Time a part of a nlmixr operation and add to nlmixr object
Examples
# \donttest{
one.cmt <- function() {
ini({
## You may label each parameter with a comment
tka <- 0.45 # Ka
tcl <- log(c(0, 2.7, 100)) # Log Cl
## This works with interactive models
## You may also label the preceding line with label("label text")

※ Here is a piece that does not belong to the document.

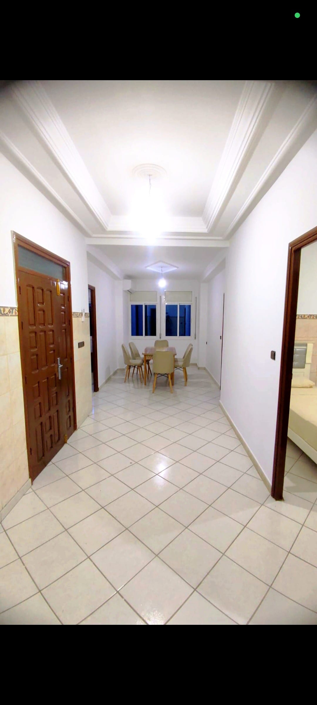 Profitez d'un logement élégant et central. L'appartement se situe dans un immeuble tout neuve. Construite en 2024.. Dans le chic quartier El matar à Nador en face de l'ecole ARRISALA.. Il y'a le minimarket BIM au bas de l'immeuble... Entourée de plusieurs commerces.. Mosquée.. Pharmacie.. Opticien.. Cafés.. C'est un logement idéal aux jeunes couples ( strictement mariés selon les lois marocaines).

tv <- 3.45; label("log V")
## the label("Label name") works with all models
eta.ka ~ 0.6
eta.cl ~ 0.3
eta.v ~ 0.1
add.sd <- 0.7
})
model({
ka <- exp(tka + eta.ka)
cl <- exp(tcl + eta.cl)
v <- exp(tv + eta.v)
linCmt() ~ add(add.sd)
})
}
fit <- nlmixr(one.cmt, theo_sd, est="saem")
#>
#>
#>
#>
#> ℹ parameter labels from comments are typically ignored in non-interactive mode
#> ℹ Need to run with the source intact to parse comments
#>
#>
#> → loading into symengine environment...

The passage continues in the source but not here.